How to complete this task:
From the line below containing "10月14日(火)の1校時に" to the final line, print each line exactly as written. No pictures belong in the copy.

Task inputs:
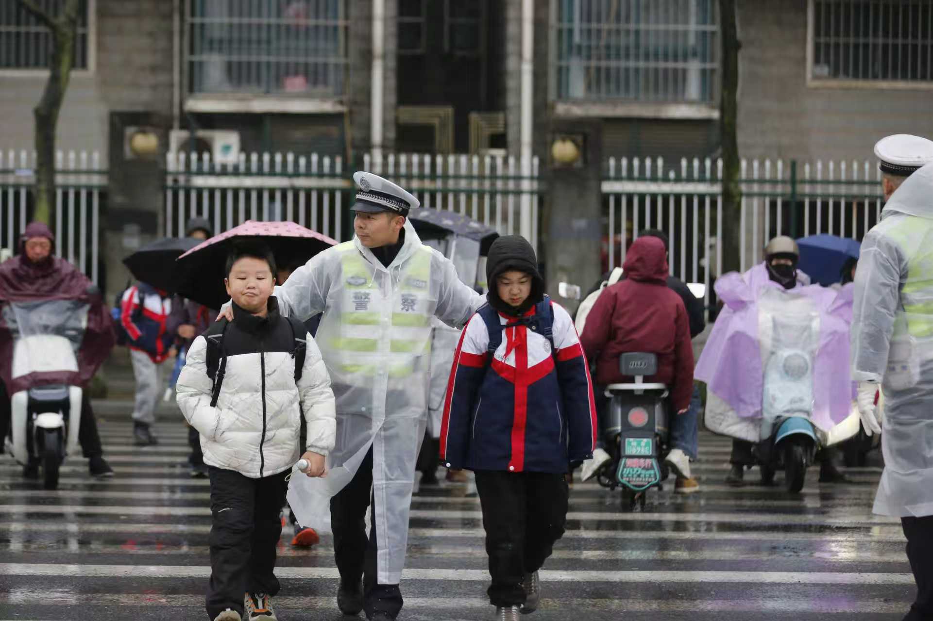 3月2日,春季开学首日,又遇阴雨天气,芜湖市公安局交管支队启动应急预案,在城区各中小学校启动“护学岗”,全力守护学生出行安全。
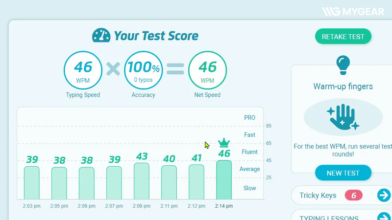 Ratatype cung cấp bài học và bài kiểm tra tốc độ gõ 10 ngón theo WPM. Người dùng có thể tạo nhóm để cùng luyện tập và so sánh kết quả. Giao diện thân thiện, dễ sử dụng. Ratatype phù hợp cho cả người mới và người muốn luyện gõ chuyên sâu.
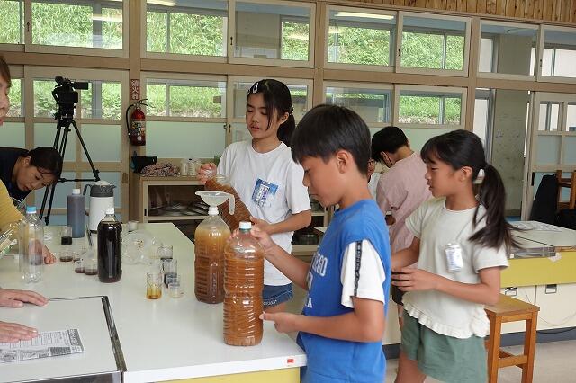 10月14日(火)の1校時に5年生がEM液作りを実施しました。高千穂町商工会女性部の方を講師に迎え、EM液が環境に与えるよい影響のことやEM液の作り方を丁寧に教えていただきました。EM液を投入後、プール清掃を行うことによって、自然環境の保全や地球を守ることにつながることを学習しました。今回つくったEM液は、10月30日(木)にプールに投入する予定です。
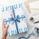 Graduate Keepake White Blue Name Grad PhD Geschenkpapier
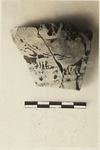Description:   Polos-style amphora fragment mended from two pieces. Part of the lowest animal frieze, with rays below. Siren to right; incised rosettes in field.
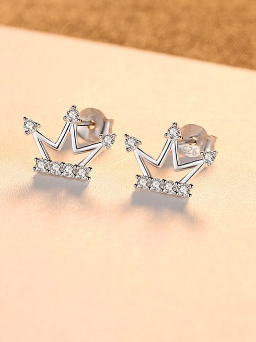 925 Sterling Silver With Cute Crown Stud Earrings
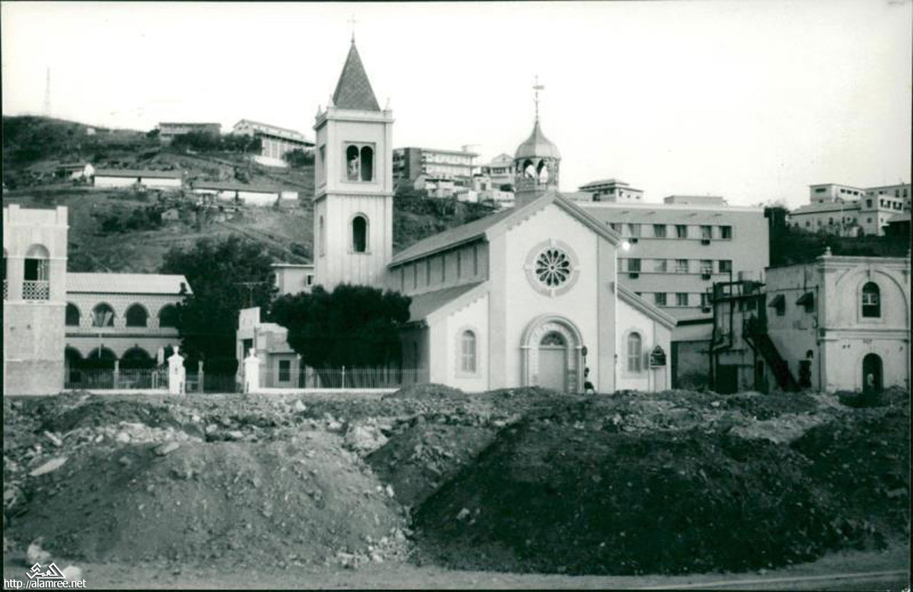 البنجسار التواهي عدن ويلاحظ وسط اللكنيسه الكاثوليكيه "الكنيسه الانجليكانيه الرومانيه" بنية عام 1891م وبرج الناقوس خلفها بني لاحقا
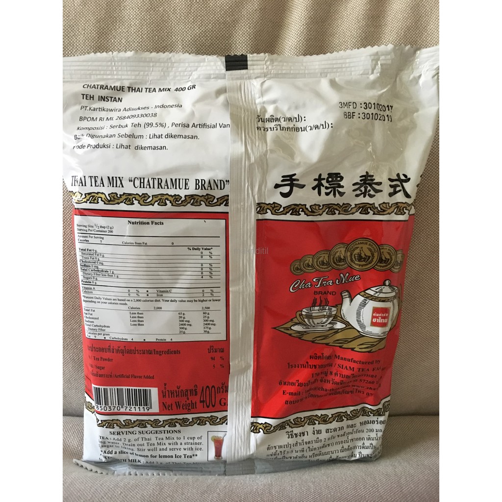 Thai Tea 400 gram merk Chatramue (dahulu bernama Number One).

Problem solution:
 10月14日(火)の1校時に5年生がEM液作りを実施しました。高千穂町商工会女性部の方を講師に迎え、EM液が環境に与えるよい影響のことやEM液の作り方を丁寧に教えていただきました。EM液を投入後、プール清掃を行うことによって、自然環境の保全や地球を守ることにつながることを学習しました。今回つくったEM液は、10月30日(木)にプールに投入する予定です。
 Graduate Keepake White Blue Name Grad PhD Geschenkpapier
Description:   Polos-style amphora fragment mended from two pieces. Part of the lowest animal frieze, with rays below. Siren to right; incised rosettes in field.
 925 Sterling Silver With Cute Crown Stud Earrings
 البنجسار التواهي عدن ويلاحظ وسط اللكنيسه الكاثوليكيه "الكنيسه الانجليكانيه الرومانيه" بنية عام 1891م وبرج الناقوس خلفها بني لاحقا
 Thai Tea 400 gram merk Chatramue (dahulu bernama Number One).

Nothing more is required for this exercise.